The consultants estimate that 18pc of the current electricity price relates to climate change policies – or £15 per megawatt-hour out of a £82 per megawatt-hour average.

However, green taxes and new infrastructure costs will constitute 38pc of the charges, or £50 per megawatt-hour out of £130 per mega-watt hour, by 2020.

Consumers and businesses are already facing much higher prices this year because companies have put up power bills by 7pc to 16pc, blaming volatile wholesale prices.

Andrew Horstead, risk analyst at Utilyx, said this should cause “alarms bells to ring within Government, at a time when its measures to stimulate investment in low carbon generation will also feed through to higher prices”.

The Utilyx forecasts give a clear estimate and breakdown of the kind of pressures business will be facing in real terms against their current costs.

Utilyx takes into account all the known green levies and makes an estimate for the likely value of the feed-in tariff subsidy, which has not yet been finalised by the Department for Energy and Climate Change.

In contrast, the Government has only given figures for how much bills might rise in percentage terms against the future costs of leaving the system as it is.

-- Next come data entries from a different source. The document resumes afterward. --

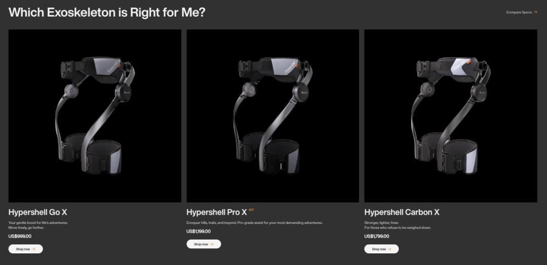 目前,Hypershell有基礎款Hypershell Go X、功率更高的Hypershell Pro X,以及Hypershell Carbon X共3款產品在售,差異點在於材質和功率。此前,始祖鳥也為户外登山愛好者做過消費級的可穿戴外骨骼,但去年開始接受預定的始祖鳥MO/GO,預計到今年10月才能發貨;價位上,最便宜的早鳥預售價也得4500美元( 摺合人民幣 3.3 萬元 ),即使是租8小時體驗一下,也要近600元人民幣。而Hypershell最高配的產品,價位也不過是始祖鳥的一半左右,而且已經開始向用户發貨。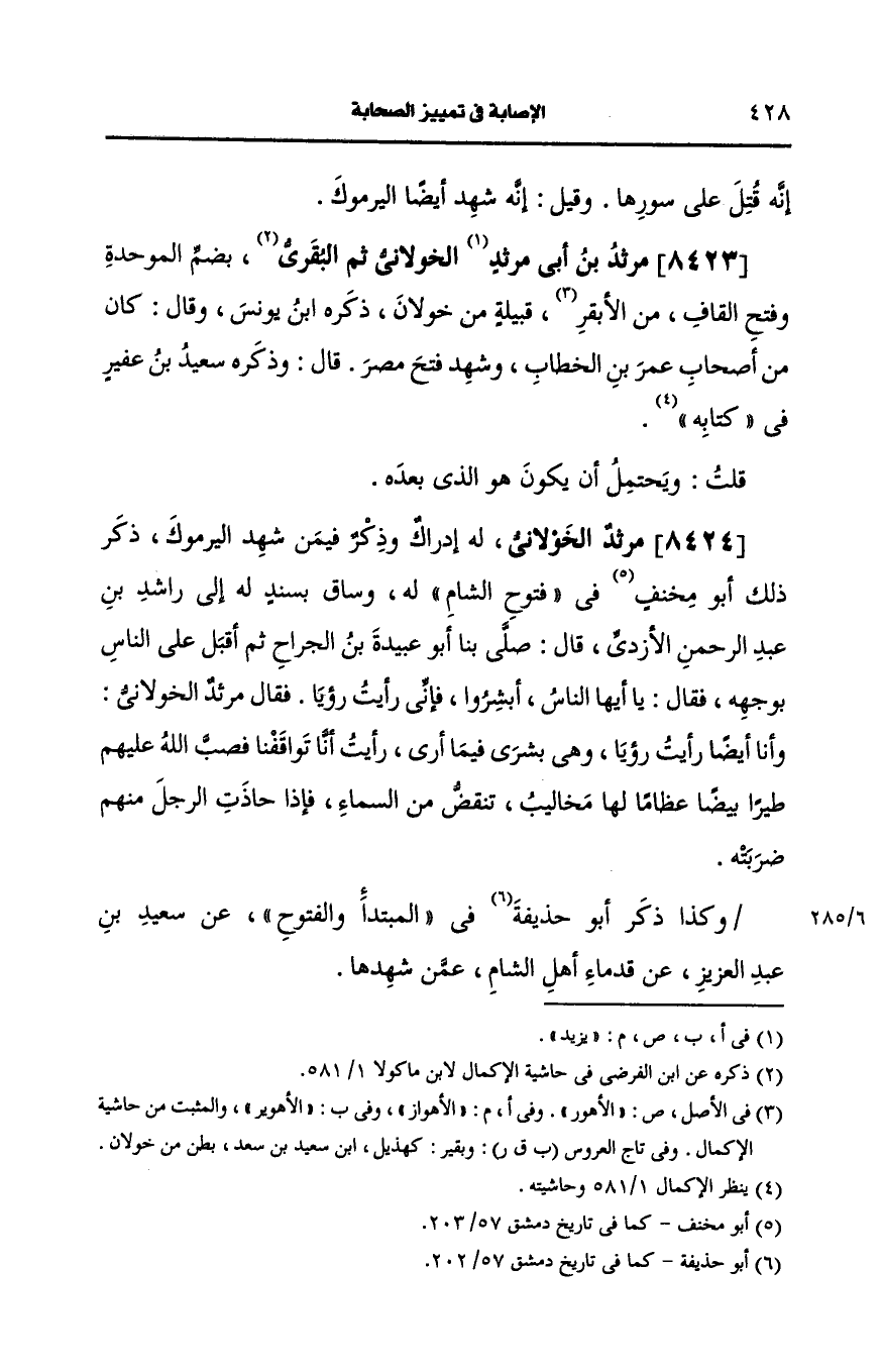 وذكر ابن عساكر هذه القصة في ترجمة مرثد الخولاني وفيه نظر لأن بن سمي يصغر، عَن ذلك وأكثر ما وصف بإدراك علي ومعاوية.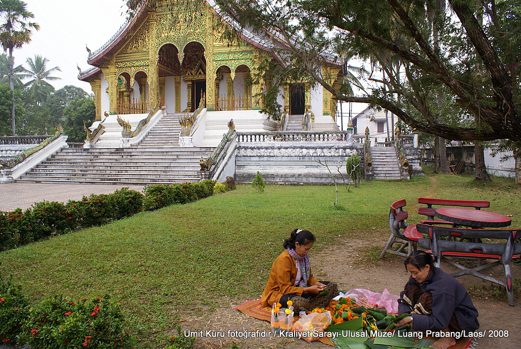 Burada yerel rehber Budizm hakkında biraz bilgi verdi. Bu sırada ellerinde tencerelerle turuncu giysili rahipler dışarıdan geldiler ve tapınağa girdiler. O anda ne olduğunu anlamamıştık, sonra ki günlerde anladık ki bu olay Laos’da her sabah erken saatlerde tekrarlanan ve Laos’a gelen turistlerin hiçbirisinin kaçırmaması gereken bir merasim. Rahipler ellerinde tencereleri ile tek sıra halinde yürüyüp, yemek dolu tencereleri ile rahipleri bekleyen halktan yemek bağışı kabul ediyorlar. Biz meğerse bu olaydan dönen rahipleri görmüşüz. Topladıkları yemekleri tapınakta paylaşıp yiyorlardı. Luang Phrabang’da bu rütieli her gün saat 5:30 da kalkıp seyrettim. Mutlaka şahit olmalısınız.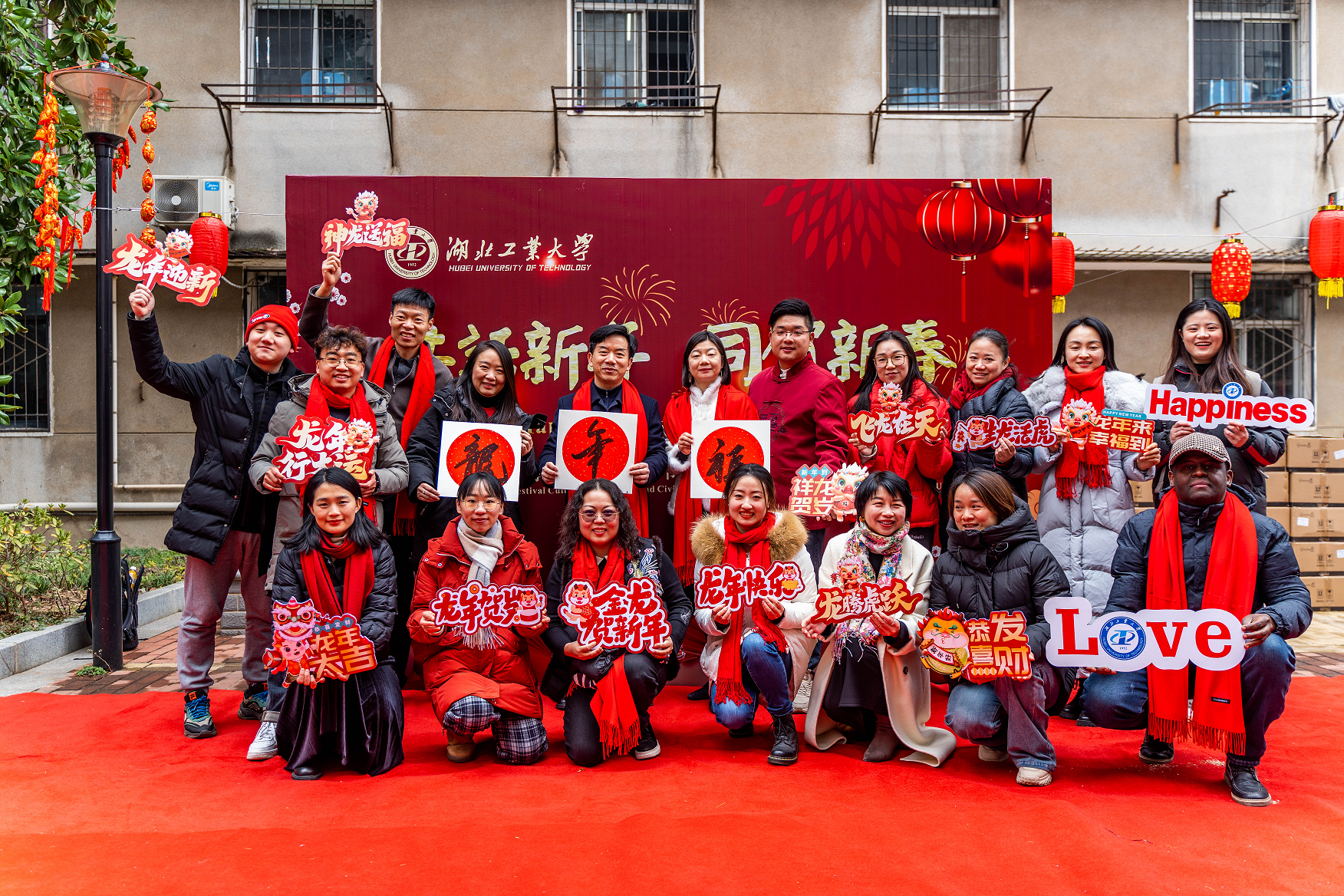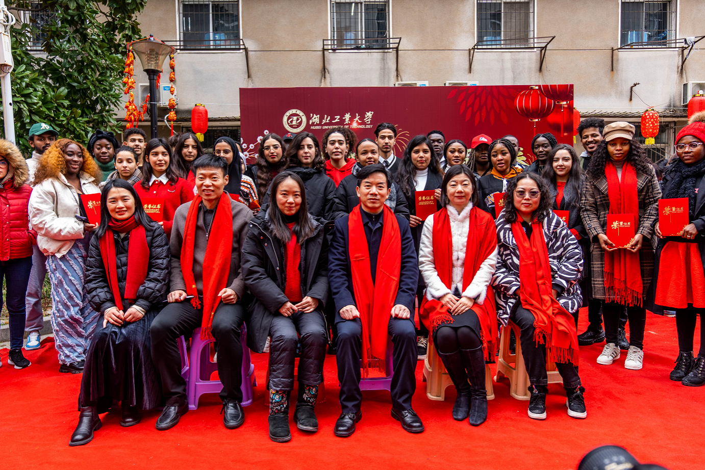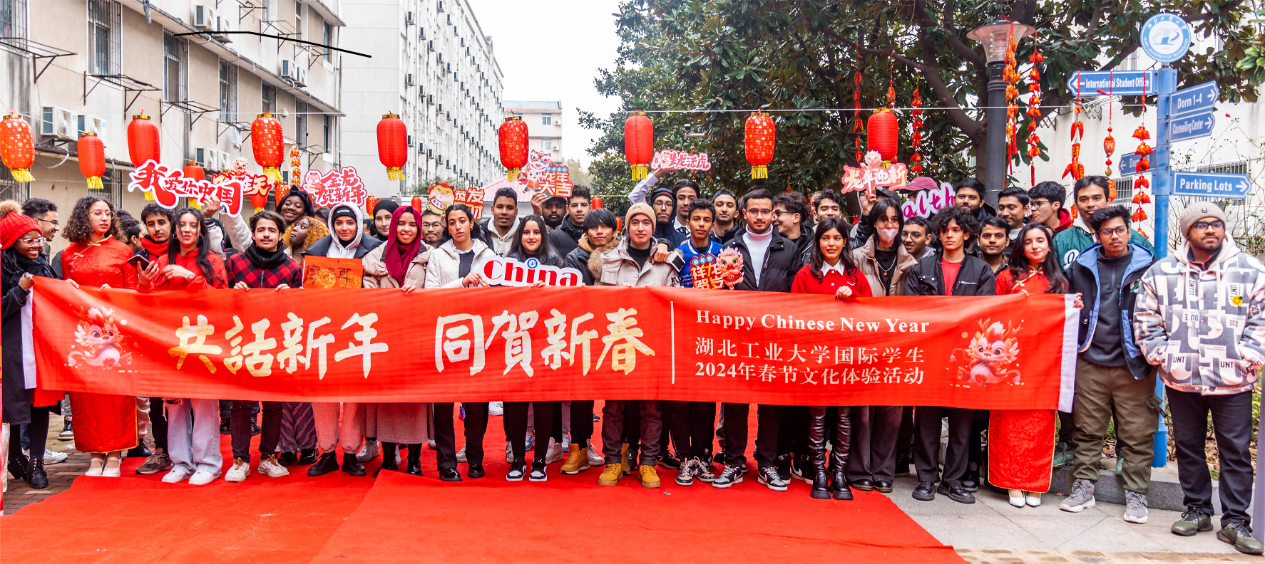 为让国际学生体验中国传统新年的氛围、感受中华传统文化的魅力,1月20日下午,国际学院在国际学生中心开展2024年湖北工业大学国际学生“共话新年,同贺新春”龙年文化体验暨文明宿舍评比颁奖慰问活动。校党委常委、副校长宋小春亲临现场,汉口学院副校长刘易国,湖北工业大学外国语学院副教授陈慧老师,国际学院全体领导们与教职工们也都来到节日现场。

Its central case scenario says electricity bills will be 8pc to 31pc higher for heavily energy-intensive industries.

Roger Salamone, energy adviser at manufacturing group EEF, has criticised the Government’s figures, saying: “We think these estimates look very low. But even these increases on our costs are going to be really quite significant and a big issue to manage.”

Manufacturers are lobbying for £470m in tax relief from the heaviest burdens, which they claim will put chunks of energy-intensive British industry out of business.

Separate analysis by Waters Wye Associates for the Energy Intensive Users Group last year estimated that for a large company with a bill of £40m, the extra cost of green levies and new transmission for renewables would be £10m.

However, new measures introduced in the Government’s electricity market reforms have increased the likely burden since then.